Need a little bit more help

what is the value of moment of inertia and it is about which axis ?

6. Mar 20, 2012

tiny-tim

hi nik jain!
you need the angular momentum, L, about the corner of the step …

in other words, about a point (O) on the surface of the sphere

since this isn't the centre of mass (C), there are two ways to calculate it …

i] (this works for any point) L = ICω + m*OC x vc.o.m

ii] (this works only for the centre of rotation) L = IOω

(they work out the same because IO = IC + mOC2 … the parallel axis theorem)​

7. Mar 20, 2012

bwood01

http://www.infoocean.info/avatar1.jpg [Broken]welcome to pf!

Last edited by a moderator: May 5, 2017
8. Mar 21, 2012

nik jain

Thanks a lot
I get it .

9. Mar 21, 2012

chingel

I have a question, not very familiar with rotational problems. Angular momentum before impact is angular momentum of the rotation plus the angular momentum from moving of the center of mass. How does the formula MwR(R-h) give it to me?

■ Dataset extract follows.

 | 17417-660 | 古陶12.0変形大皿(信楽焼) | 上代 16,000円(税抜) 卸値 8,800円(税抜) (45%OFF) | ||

Don't I need to consider the velocity perpendicular to the line connecting the point on the edge with the center of mass of the object and do that using trigonometry?

10. Mar 21, 2012

tiny-tim

hi chingel!
Mωr is the momentum (Mvc.o.m), and R-h is the perpendicular distance from the point to the line of the velocity of the c.o.m.
do you mean the component of velocity perpendicular to that line?

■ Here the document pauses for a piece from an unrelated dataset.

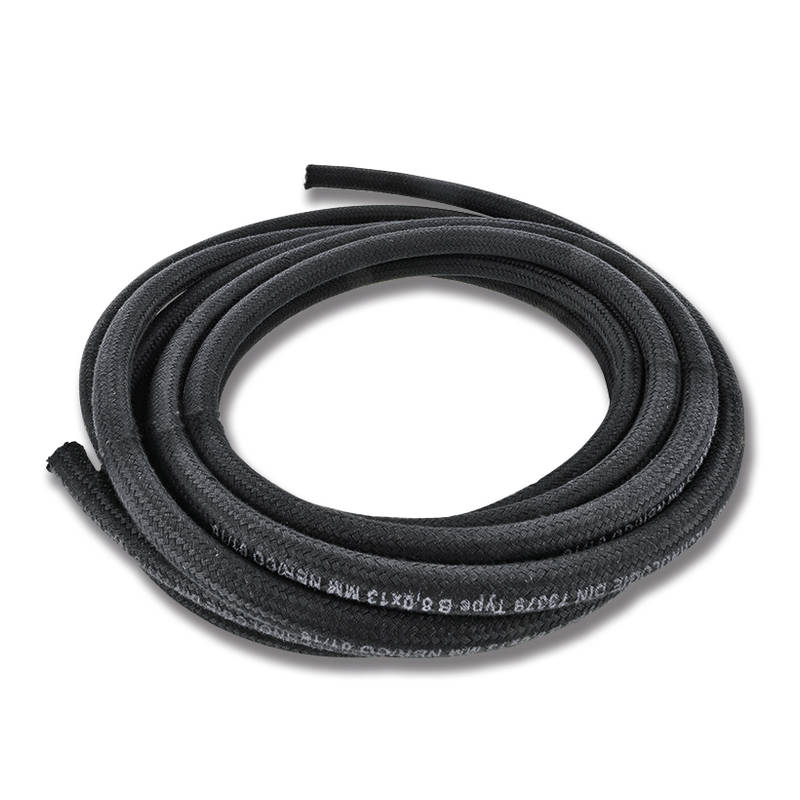 Schwarzer Benzinschlauch mit textilem Geweberingmantel (Garngeflecht aufvulkanisiert).

no, you need r x mv, = mvrsinθ

your formula (i think) is mvrcosθ

11. Mar 21, 2012

chingel

I'm having trouble understanding what does the MwR(R-h) give? Is it r x mv and how does it give that?

12. Mar 21, 2012

tiny-tim

yes, r x mv

ωR is the initial speed, v

so MωR is the initial momentum, mv

then you need the distance, r, by which the initial momentum "misses" the pivot point (the corner of the step) …

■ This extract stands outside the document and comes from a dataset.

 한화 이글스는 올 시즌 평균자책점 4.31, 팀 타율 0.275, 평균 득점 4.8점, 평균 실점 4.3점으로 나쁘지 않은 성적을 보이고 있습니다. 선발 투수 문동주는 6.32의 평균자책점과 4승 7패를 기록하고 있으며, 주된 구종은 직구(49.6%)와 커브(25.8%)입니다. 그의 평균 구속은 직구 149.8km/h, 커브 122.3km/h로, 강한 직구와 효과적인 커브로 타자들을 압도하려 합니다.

the initial momentum goes through the centre of mass, and it's horizontal, so it misses the step by a vertical distance, r = R-h

13. Mar 21, 2012

chingel

Ah, I see. The angular momentum is considered at the time when the center of mass would be just over the contact point with the step. Even though this is not possible, the angular momentum stays the same no matter during which time we consider it, since there is no torque. At that point, the velocity and radius are perpendicular, enabling an easy calculation. Do I understand it correctly?

14. Mar 21, 2012

tiny-tim

i think so

if you use the perpendicular distance, the calculation is easy, because the sin is 1

if you use the actual distance to the centre of mass (or any other point on the line), you have to multiply by the sin of the angle

15. Mar 21, 2012

chingel

I understand, thank you for the replies.